Received 16 May 2023

Accepted for publication 6 July 2023

Published 26 July 2023 Volume 2023:16 Pages 1359—1364

DOI https://doi.org/10.2147/RMHP.S421397

Checked for plagiarism Yes

Review by Single anonymous peer review

Peer reviewer comments 2

Editor who approved publication: Dr Jongwha Chang



Daniel Simonet

Department of Management, Strategy & Entrepreneurship, American University of Sharjah, Sharjah, United Arab Emirates

Correspondence: Daniel Simonet, Email [email protected]

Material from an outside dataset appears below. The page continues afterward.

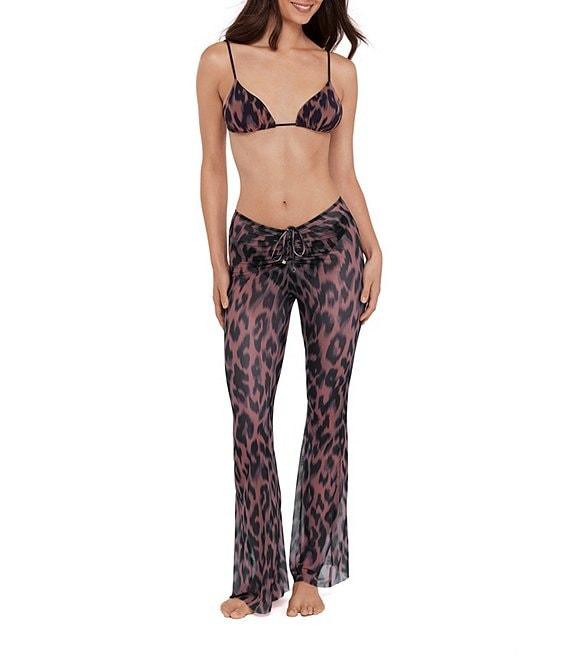From Steve Madden, this swim coverup features: Mesh fabrication Flare pant silhouette Animal print Pull on construction Nylon/spandex Hand wash Imported.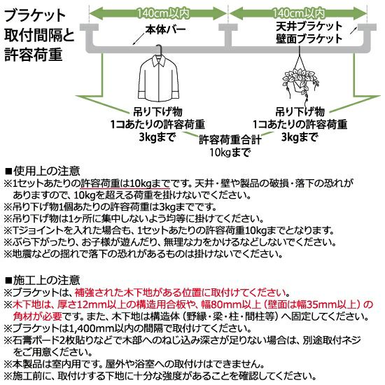 ハンギングバーH-1は室内物干しだけでなく、収納やディスプレイなど多用途に使えるインテリアバーです。

Abstract: The article highlights several outstanding features of French healthcare reforms in light of New Public Management (NPM). The paper exposes the economic, administrative, and social context of reforms. It investigates horizontal integration, as exemplified by the concentration of power within the Regional Health Organizations, the verticalization of the chain of command, and ensuing conflicts between the French welfare elite and the operating core (eg, the medical profession). Outcomes were below expectations in many areas. The NPM-endorsed fragmentation of public organizations has yet to take root in the French healthcare system. There was little consultation with the medical profession. Physicians’ autonomy and patients’ rights receded.

Keywords: health care reform, public administration, France, new public management

Introduction

The present study assesses NPM-driven administrative reforms in health care. These were contingent upon economic and international factors as well as the institutional milieu. We examine the recentralization of the health system. Horizontal integration enabled the Regional Health Agencies (RHAs) to concentrate all decisions related to health policies. The verticalization of the chain of command sought to restore the capacity of the government to govern from an administrative dashboard. Did these benefit the medical profession?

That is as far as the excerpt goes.